I attended a workshop this past week headlined by Dr. John Arden, a Psychologist and author. His regular folk friendly book is called Rewire Your Brain (Arden, J. B. (2010). Rewire your brain: Think your way to a better life. John Wiley & Sons.). In it you will find all sorts of interesting things about brain anatomy, neurochemistry and the oft referred to “brain plasticity” that is all the rage in much of the literature on changing behaviours or understanding why behaviours may be hard to change.
There was a lot about the workshop I liked and a little chunk I hated. I will get that chunk out of the way first because it’s relevant to the blog and then move on to the things I liked that are also relevant to everyone.

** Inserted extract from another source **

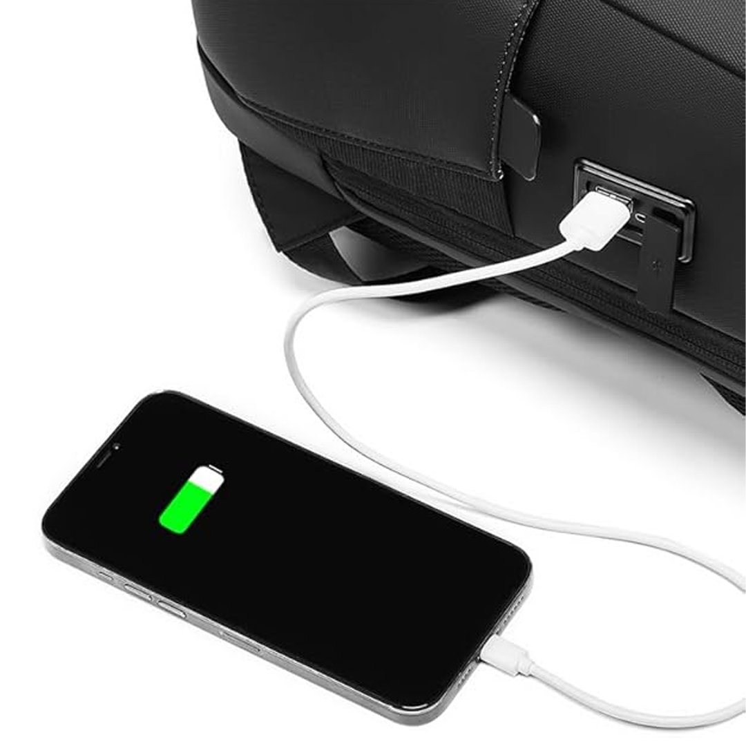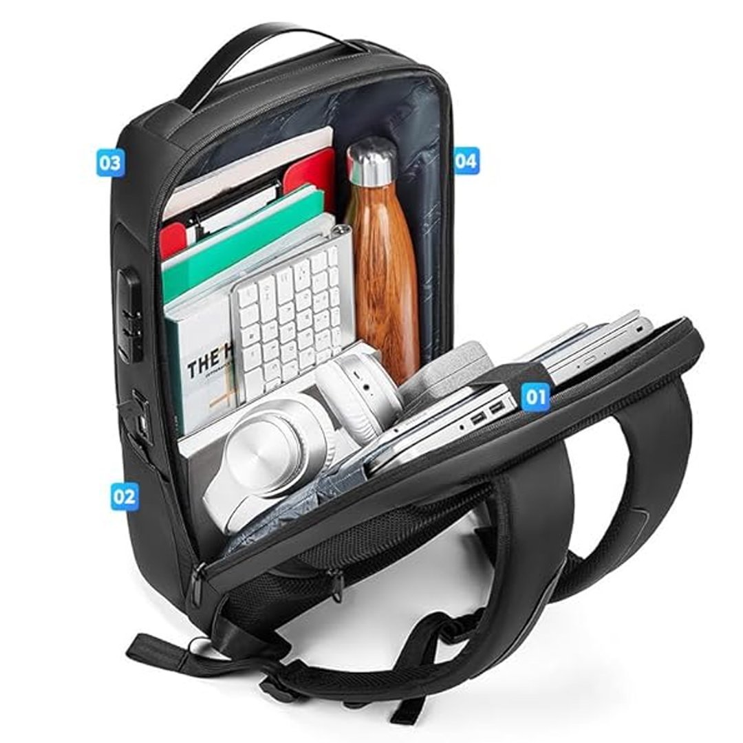 ✈ {LUXURY LIVES IN THE FINER DETAILS} - Premium Oxford Eco-friendly material, extremely durable waterproof easy to clean. Durable recycled fabric that is made from rPET, better TEAR, SCRATCH AND WATER RESISTANT for protection while also being environmentally friendly. ✈ {ANTI-THEFT SECURITY} - This laptop backpack has a combination lock located on the side of the bag with a recessed design to protect your precious personal items. The lock uses a mechanical lock cylinder and is simple to use. ✈ {SUPERIOR REINFORCEMENT}: - The backpack is sturdier as the laptop compartment has sponge around the base and One-piece spring Shell for double protect your laptop against drops, accident impact and dampness. With a hidden anti-theft pocket on the back cares for your valuable items from thieves. ✈ {TYPE C & USB CHARGING PORT} - The laptop bag comes with a charging port you can link your phone to and easily charge during outdoors and travel. Place your power bank inside the bag and connect your phone to the outer port (built-in charging cable inside). Please note that this travel bag doesn't power itself, usb charging port only provides easy access to charge. ✈ COMFORTABLE AND PRACTICAL} - The travel backpack has 12 independent pockets for your well-organized items. TSA approved, exclusively designed and sized for air travel. External USB and headphone jack with built-in charging cable provides convenient connection of your mobile phone and other electronic devices.

Brain health, mental health and physical health are all related (no surprise here). He spent a lot of the time explaining the importance of “neurogenesis” which is essentially the production of new connections in the brain. Making new connections, especially in the front part of the brain and the parts of the brain important in regulating stress, contributes hugely to resiliency in mental health. His position is that without a functioning capacity to create these connections, people have a very much harder time recovering from stress and trauma, leading to various anxiety mediated and mood disorders.
So what inhibits neurogenesis? Aging, Chronically high cortisol, Pot and Obesity.
What promotes it? Excercise, Fasting, Fewer calories consumed, Food Quality (especially the presence of high quality Omega 3) and Weight loss.
Sigh. What is wrong with this list? He didn’t highlight the studies that he based this stuff on but I did pay very close attention to how he talked about these things. The thing that made me very miffed was his constant and consistent conflation of “Obesity” with lack of exercise and poor food choices. He went on for a while about the production of pro-inflammatory cytokines by fat cells and talked about metabolic syndrome. It is believed that these chemicals are a big part of why our moods go to hell when we are chronically stressed and not doing enough good things for the body. The articles you see about depression really being about inflammation are based on this science. These are medical facts. But he basically said “tell your clients they have to lose weight to get better”. Great, a prescription with a 95% failure rate. Set ’em up for failure, I’m in. He didn’t acknowledge that BMI measurements of obesity often don’t mean squat. He didn’t acknowledge that fat people can be fit and lacking any other markers of metabolic syndrome. He even said (astoundingly) that if you are going to put on weight, you should put it on as a pear shape instead of apple, as if this is a conscious choice. I was so angry at this point I couldn’t speak. And what made me angrier was the fact that he was clearly utterly well meaning and a victim of the blank spots in his particular silo of knowledge. ON TOP OF THAT, he was talking to an audience of mostly women.*FEMINIST HULK SMASH*
Okay, enough of that. The good news here, however, was the reiteration of the connection of exercise with improved mental health outcomes. Exercise has been shown to have epigenetic effects on the brain, which means it promotes turning on gene expressions related to nuero-plasticity. It promotes the production of various growth factors in the brain which means more connections are formed. It promotes activity between those connections and, in a fairly dumbed down nutshell, the activity (especially in the left frontal cortex) allows for better mood, learning and adaptivity to adversity. Basically, it’s magic.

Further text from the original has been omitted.